From mboxrd@z Thu Jan  1 00:00:00 1970
Return-Path: <linux-kernel-owner@vger.kernel.org>
Received: (majordomo@vger.kernel.org) by vger.kernel.org via listexpand
	id S1755118AbbCSN4E (ORCPT <rfc822;w@1wt.eu>);
	Thu, 19 Mar 2015 09:56:04 -0400
Received: from cantor2.suse.de ([195.135.220.15]:39277 "EHLO mx2.suse.de"
	rhost-flags-OK-OK-OK-OK) by vger.kernel.org with ESMTP
	id S1754887AbbCSN4A (ORCPT <rfc822;linux-kernel@vger.kernel.org>);
	Thu, 19 Mar 2015 09:56:00 -0400
Date: Thu, 19 Mar 2015 14:55:58 +0100
From: Michal Hocko <mhocko@suse.cz>
To: NeilBrown <neilb@suse.de>
Cc: Andrew Morton <akpm@linux-foundation.org>,
        Al Viro <viro@zeniv.linux.org.uk>,
        Johannes Weiner <hannes@cmpxchg.org>, Mel Gorman <mgorman@suse.de>,
        Rik van Riel <riel@redhat.com>,
        Tetsuo Handa <penguin-kernel@I-love.SAKURA.ne.jp>,
        Sage Weil <sage@inktank.com>, Mark Fasheh <mfasheh@suse.com>,
        linux-mm@kvack.org, LKML <linux-kernel@vger.kernel.org>
Subject: Re: [PATCH] mm: Use GFP_KERNEL allocation for the page cache in
 page_cache_read
Message-ID: <20150319135558.GD12466@dhcp22.suse.cz>
References: <1426687766-518-1-git-send-email-mhocko@suse.cz>
 <20150318154540.GN17241@dhcp22.suse.cz>
 <20150319083835.2115ba11@notabene.brown>
MIME-Version: 1.0
Content-Type: text/plain; charset=us-ascii
Content-Disposition: inline
In-Reply-To: <20150319083835.2115ba11@notabene.brown>
User-Agent: Mutt/1.5.23 (2014-03-12)
Sender: linux-kernel-owner@vger.kernel.org
List-ID: <linux-kernel.vger.kernel.org>
X-Mailing-List: linux-kernel@vger.kernel.org

On Thu 19-03-15 08:38:35, Neil Brown wrote:
[...]
> Nearly half the places in the kernel which call mapping_gfp_mask() remove the
> __GFP_FS bit.
> 
> That suggests to me that it might make sense to have
>    mapping_gfp_mask_fs()
> and
>    mapping_gfp_mask_nofs()
>
> and let the presence of __GFP_FS (and __GFP_IO) be determined by the
> call-site rather than the filesystem.

Sounds reasonable to me but filesystems tend to use this in a very
different ways.
- xfs drops GFP_FS in xfs_setup_inode so all page cache allocations are
  NOFS.
- reiserfs drops GFP_FS only before calling read_mapping_page in
  reiserfs_get_page and never restores the original mask.
- btrfs doesn't seem to rely on mapping_gfp_mask for anything other than
  btree_inode (unless it gets inherrited in a way I haven't noticed).
- ext* doesn't seem to rely on the mapping gfp mask at all.

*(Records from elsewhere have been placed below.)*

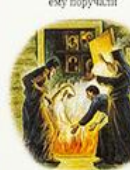
«Кончина моя откроется покаянием», — сказал Серафим инокам. Так и случилось
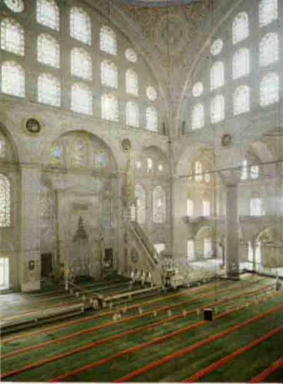
Edirnekapi Mihrimah Sultan Camii'nin iç görünüşü.

topluluğudur. Mimar Sinan'ın 1539 yılında inşa ettiği Şeyh Yahya Efendi Medresesi (Beşiktaşlı Şeyh Yahya Efendi, Kanunî Sultan Süleyman'ın süt kardeşidir), günümüze kadar gelememiştir. Yahya Efendi Medresesi, Sinan'ın günümüze ulaşmayan tek eseri değildir. Meselâ 1540'larda Vezir-i Âzam Lütü Paşa adına inşa ettiği Yenibağçe'deki hamamdan da bugün hiçbir iz yoktur.
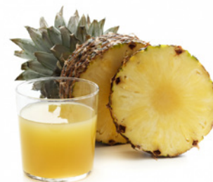
EL ZUMO DE PIÑA
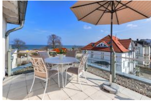
Dachterrasse mit tollem Meerblick
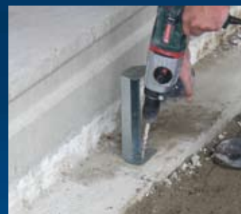
plaatsen Pui-steunen/gat boren
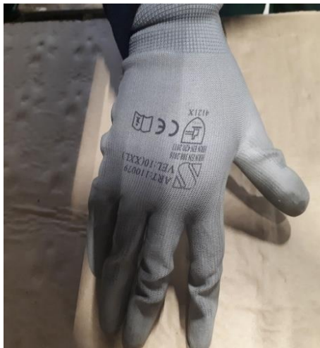
Slika 23. Rukavice najlon sa PU premazom

Oblik rukavice koja oponaša "ruku u stanju mirovanja" (slika 23.)
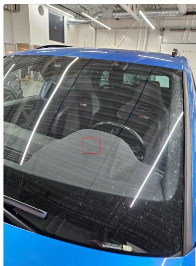
1.3 Steinsprut, for liten til rep./liming, notert for info
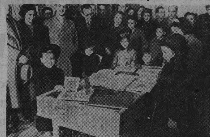
Un aspecto del interesante desfile de pequeños, acompañados de sus familiares, por las dependencias de la Exposición del Libro Infantil
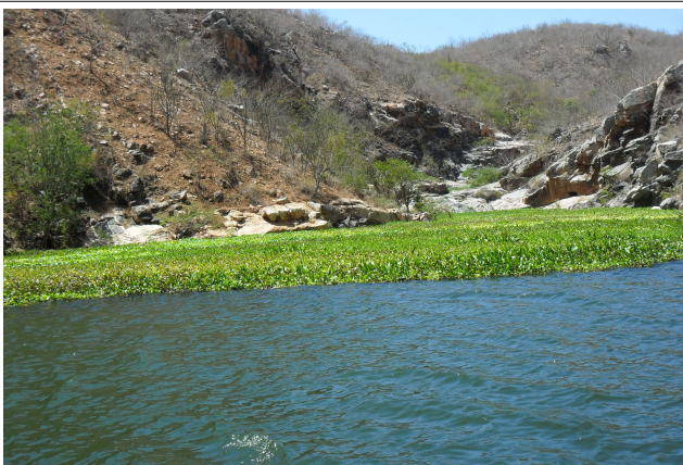
Figura 27: Acúmulo de macrófitas próximo as UHES do

So it is not clear to me how we should change that into callsites. But I
guess we can change at least the page fault path like the following. I
like it much more than the previous way which is too hackish.
---
>>From 0aff17ef2daf1e4d7b5c7a2fcf3c0aac2670f527 Mon Sep 17 00:00:00 2001
From: Michal Hocko <mhocko@suse.cz>
Date: Thu, 19 Mar 2015 14:46:07 +0100
Subject: [PATCH] mm: Allow __GFP_FS for page_cache_read page cache allocation

page_cache_read has been historically using page_cache_alloc_cold to
allocate a new page. This means that mapping_gfp_mask is used as the
base for the gfp_mask. Many filesystems are setting this mask to
GFP_NOFS to prevent from fs recursion issues. page_cache_read is,
however, not called from the fs layer so it doesn't need this
protection.

The protection might be even harmful. There is a strong push to fail
GFP_NOFS allocations rather than loop within allocator indefinitely with
a very limited reclaim ability. Once we start failing those requests
the OOM killer might be triggered prematurely because the page cache
allocation failure is propagated up the page fault path and end up in
pagefault_out_of_memory.

This patch updates mapping_gfp_mask and adds both __GFP_FS and __GFP_IO
in __do_fault before we the address space fault handler is called and
restores the original flags after the callback. This will allow to use
the go into FS from the direct reclaim if needed and prevent from
pre-mature OOM killer for most filesystems and still allow FS layer
to overwrite the mask from the .fault handler should there be a need.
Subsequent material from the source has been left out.